Writing multithreaded code is like juggling chainsaws; amazing when it works and truly sucky when it doesn't.

Right now at my job I am writing the foundation for a transaction processing cluster in Java, so I'm immersed in lots and lots of threads and interacting applications. When you are processing 8000 of something per second, any problems in your approach or in your choice of frameworks is magnified.

In job interviews, a popular question is "what is the major problem you have to solve in writing multithreaded code?" Generally, if they have read a little about it, they often say "avoiding deadlocks". If they have done a bit of thread coding, maybe in Swing, they might say "protected shared data". Only the truly experienced in complex threaded coding will say "avoiding doing nothing".
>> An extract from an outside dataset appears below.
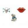 Set di tre Simpatiche Spille magnetiche Led lampeggiante.Teschio, Labbra, Dalmata.

What's so bad about nothing? Assuming you can avoid deadlocks (generally not hard if you're disciplined) and understand when to protect data, when working in a complex high speed system you want to accomplish both of those basic requirements without slowing down the real work your threads are doing. In a Swing app, so a couple threads block for a while, or even less of a problem is a few waiting around for something to happen. In a large cluster of servers, having threads sitting around doing nothing is a waste of money. If Google is processing millions of searches daily, and half of their cpu's capacity is basically blocked waiting for some resource, it costs a lot of money and power: instead of 50,000 servers you need 100,000. That a hefty price to pay for poor thread coding.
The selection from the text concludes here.